HOST-BASED MEDIATION
We have designed the protocol so that other devices besides PDAs can receive the messages and participate in the conversations. In particular, we have configured the system so that a high-level diagram recognition system, the Electronic Cocktail Napkin [ECN] [3], can mediate the conversation. The ECN eavesdrops on the conversation between the PDAs and maintains its own version of the diagram being drawn. It analyzes the developing diagram to see if elements possess certain spatial relations it has been configured to recognize. If it finds that such relations exist, it notifies the PDAs which may display the information.
EXAMPLE SCENARIO
The following simple scenario suggests ways in which the collaborative drawing system may be used. Figure 2a shows a sketch of a building site made by an architect in the field. Note the mix of unrecognized ink and recognized shapes and text. (Recognition is turned on and off by the toggles in the lower lefthand corner of the display.) The architect brings the PDA back to the office, connects it to a network, contacts his colleague (by e-mail or telephone) in another office or another part of town, and transmits the diagram to the second architect. The first architect then begins to lay out the site (2b). Shape and text recognition are turned on where appropriate, and the graphical elements are transmitted to the colleague in real time. His colleague decides that the garage is poorly positioned, so he selects the garage and its label (2c) and moves it to a new site. He then redraws the path and driveway (2d). These changes are transmitted to the first architect's PDA and rendered as they are drawn.
FUTURE WORK
This is part of an ongoing project to develop diagram recognition systems whose functionality is distributed between front-end PDAs and back-end host computers [1]. Future work include adding multiple paging to the collaborative drawing system. SmartPad currently supports multiple pages, but we have yet to design a scheme to allow the pages in several sketchbooks to be synchronized. We are currently applying this technology to develop a system to aid field service workers. The workers will be able to download diagrams or photographs from a host computer database, containing up-to-date information on the hardware they are servicing, onto PDAs. The workers will be able to annotate the diagrams in the field to reflect the changes they have made, and later upload the annotated diagrams to the host computer, where the annotations will be interpreted and integrated into the database, using a system similar to ECN. A prototype of this system will be completed by Fall 1997.
ACKNOWLEDGEMENTS
This work was supported by the Colorado Advanced Software Institute, US West Advanced Technologies, and the NEC Corporation.
REFERENCES
[1] Citrin, W. and M. Gross, "Distributed Architectures for Pen-Based Input and Diagram Recognition," in ACM Workshop on Advanced Visual Interfaces (AVI '96). 1996. Gubbio, Italy, 132-140.

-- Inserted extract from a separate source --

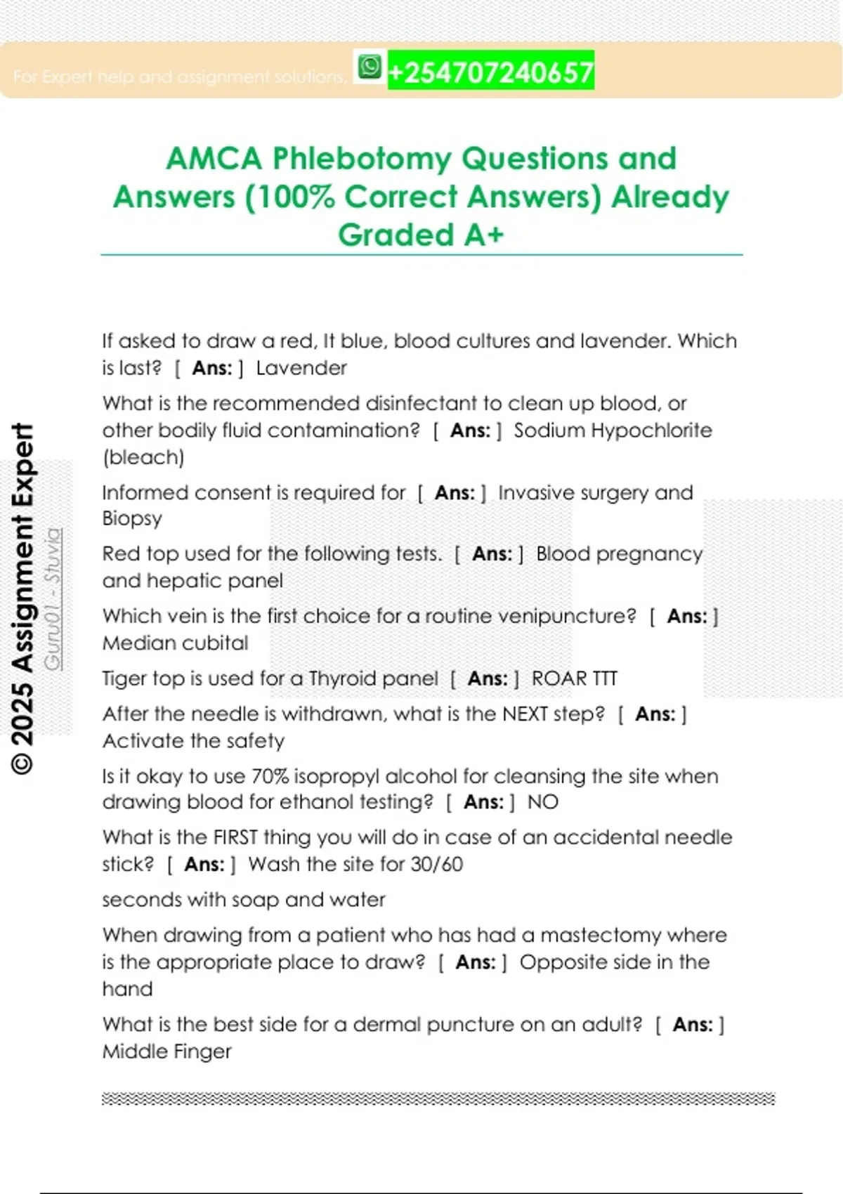 AMCA Phlebotomy Questions and Answers (100% Correct Answers) Already Graded A+

[2] Greenberg, S., S. Hayne, and R. Rada, ed. Groupware for Real-Time Drawing: A Designer's Guide. 1995, McGraw-Hill: London. 248.
[3] Gross, M. D., "The Electronic Cocktail Napkin - computer support for working with diagrams." Design Studies, 1996. 17(1): 53-69.
[4] Moran, T. P., K. McCall, B. van Melle, et al., "Some Design Principles for Sharing in Tivoli, a Whiteboard Meeting-Support Tool," in Groupware for Real-Time Drawing: A Designer's Guide, Greenberg, S., S. Hayne, and R. Rada, eds. 1995, McGraw-Hill: London. 24-36.